There were three more pit areas, one including a dropped ceiling over a bathtub; another a long wall with dead volume associated with a grand fireplace; and another very simple at a dropped ceiling over the home entry. That at the fireplace involved working in extremely cramped overhead, out to an outside wall, and had six hours of actual performance. Multiple visits dealt with rerun of interfering wires. All of these problems were happily hidden, until I pulled up nice-looking insulation.
I challenge Energy Trust of Oregon, and other rebate organizations, to do a better job of serving and protecting Utility consumers. All stuations that invite being overlooked, should be specifically reported by weatherization contractors, to secure diligence rebates. I ask for a new rebate program, where reported pit closure qualifies rebate-times-ten for involved floor area. All diligence rebates should be presented for public examination and learning. This reward approach is consistent with the fact that some pits are large enough that pit walls could be insulated instead of making a difficult but fall-protective cover. The alternative reward of fifty percent of repair cost is of comparable size, and would work if the conflicted tie to reward those invested in Home Performance, were removed. Keeping the tie here is absurd, yet that is the dogged position of Energy Trust of Oregon. Keeping the tie is a grave disservice to homeowners. While I owned a blower door, modestly invested in Home Performance, I NEVER found a problem not more-readily detected by simple observation. I never found a home without a great excess of infiltration, to be dealt with by progressive and obvious measures such as window replacement.
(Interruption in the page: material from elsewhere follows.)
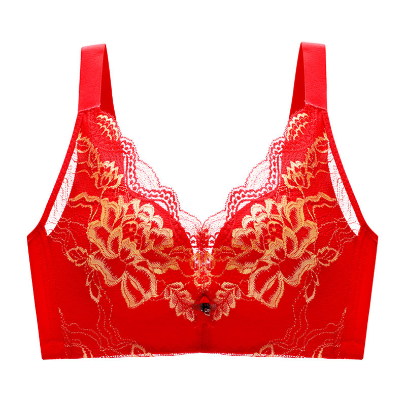 内衣女士大红色文胸本命年龙年收副乳防下垂无钢圈胸罩人内裤 套装由
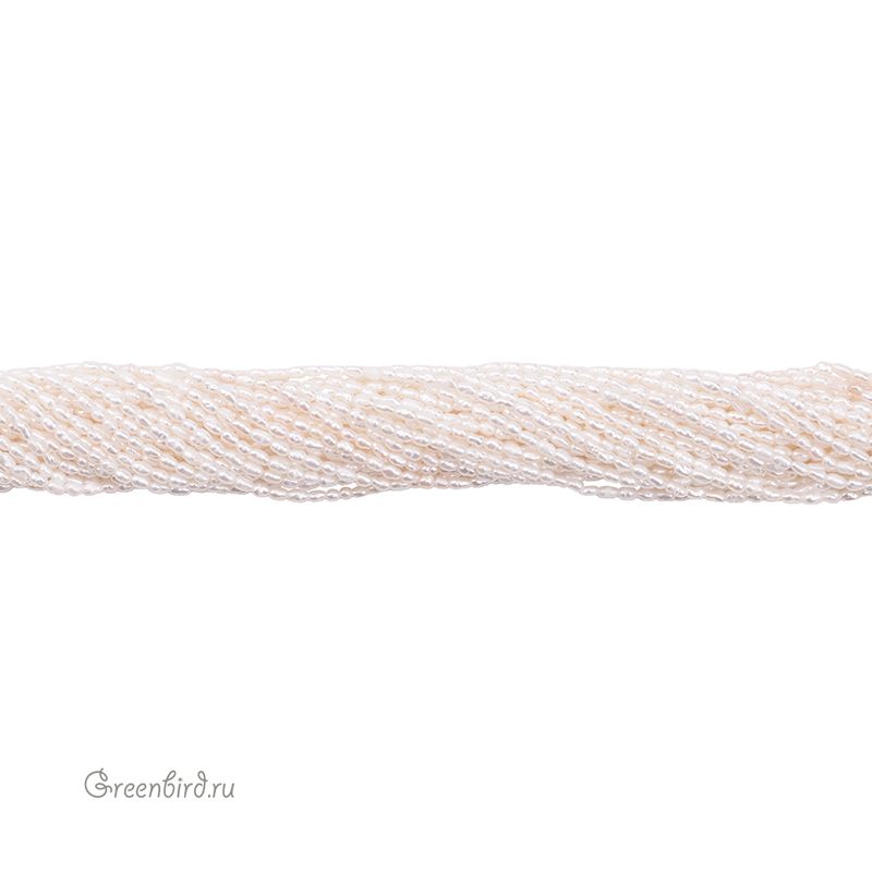 Жемчуг пресноводный культивированный (выращенный). "Рис", жемчуг овальной или удлиненной формы, вытянутый вдоль отверстия. Может иметь "поясок" или несколько, также обычно имеет заметные поперечные полоски. Средний размер: 3 х 2 мм (в длину примерно 2,8-3,3 мм, редко до 4 мм, толщина от 1,8 до 2,2 мм), отверстие: 0,5-0,7 мм. Цвет: молочный, светло-кремовый, кремовый, топленое молоко, редко жемчужно-белый. Из-за природных особенностей материала размеры и оттенки жемчужин могут незначительно отличаться. Цена указана за нить (примерно 112-116 штук).

Tests taught nothing.

Here is related comment upon feedback to focus on unique and interesting opportunities, and to raise the state of the art in weatherization. At the last Energy Trust Trade Ally meeting I attended, I shouted out that blower door testing for unique purposes should be rewarded directly to the contractor, a token amount of $50, if he offers a report of why and what learned for PUBLIC DISCLOSURE. A family of public reports would raise the state of the art among contractors nationwide, would inform the DIY public, and would sell Home Performance services. We all need to better imagine the situations where blower door and/ or infrared thermography testing profits the homeowner. The situations may be uncommon.